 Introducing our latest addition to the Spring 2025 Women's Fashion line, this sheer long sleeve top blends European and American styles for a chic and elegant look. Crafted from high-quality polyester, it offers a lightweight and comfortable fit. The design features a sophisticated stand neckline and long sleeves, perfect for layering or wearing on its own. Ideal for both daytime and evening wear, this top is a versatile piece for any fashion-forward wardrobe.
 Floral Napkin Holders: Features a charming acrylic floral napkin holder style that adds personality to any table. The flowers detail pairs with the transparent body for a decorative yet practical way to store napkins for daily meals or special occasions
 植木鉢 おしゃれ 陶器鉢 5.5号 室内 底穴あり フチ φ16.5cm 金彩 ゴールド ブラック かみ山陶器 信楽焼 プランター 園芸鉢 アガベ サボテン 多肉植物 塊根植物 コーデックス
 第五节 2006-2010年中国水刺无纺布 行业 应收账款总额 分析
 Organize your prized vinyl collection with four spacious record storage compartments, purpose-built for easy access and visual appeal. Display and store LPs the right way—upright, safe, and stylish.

* * *

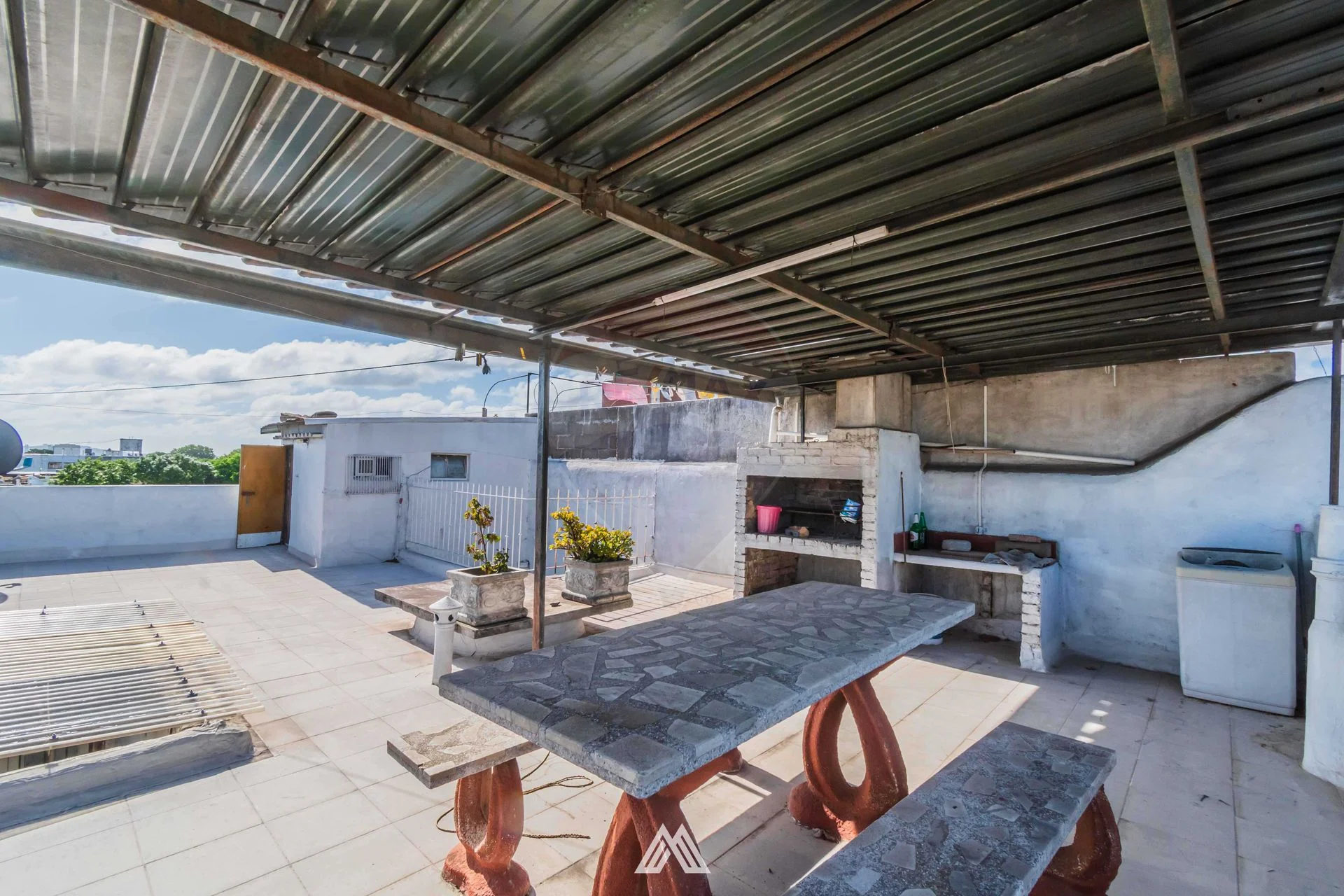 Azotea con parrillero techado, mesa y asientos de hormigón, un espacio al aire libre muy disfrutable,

EXERCISE REQUIREMENTS - Send back exactly the lines of the listing above starting at the one with "Introducing our latest" and ending at the one with "植木鉢 おしゃれ 陶器鉢", inclusive, and no others.

WRITTEN RESPONSE -
 Introducing our latest addition to the Spring 2025 Women's Fashion line, this sheer long sleeve top blends European and American styles for a chic and elegant look. Crafted from high-quality polyester, it offers a lightweight and comfortable fit. The design features a sophisticated stand neckline and long sleeves, perfect for layering or wearing on its own. Ideal for both daytime and evening wear, this top is a versatile piece for any fashion-forward wardrobe.
 Floral Napkin Holders: Features a charming acrylic floral napkin holder style that adds personality to any table. The flowers detail pairs with the transparent body for a decorative yet practical way to store napkins for daily meals or special occasions
 植木鉢 おしゃれ 陶器鉢 5.5号 室内 底穴あり フチ φ16.5cm 金彩 ゴールド ブラック かみ山陶器 信楽焼 プランター 園芸鉢 アガベ サボテン 多肉植物 塊根植物 コーデックス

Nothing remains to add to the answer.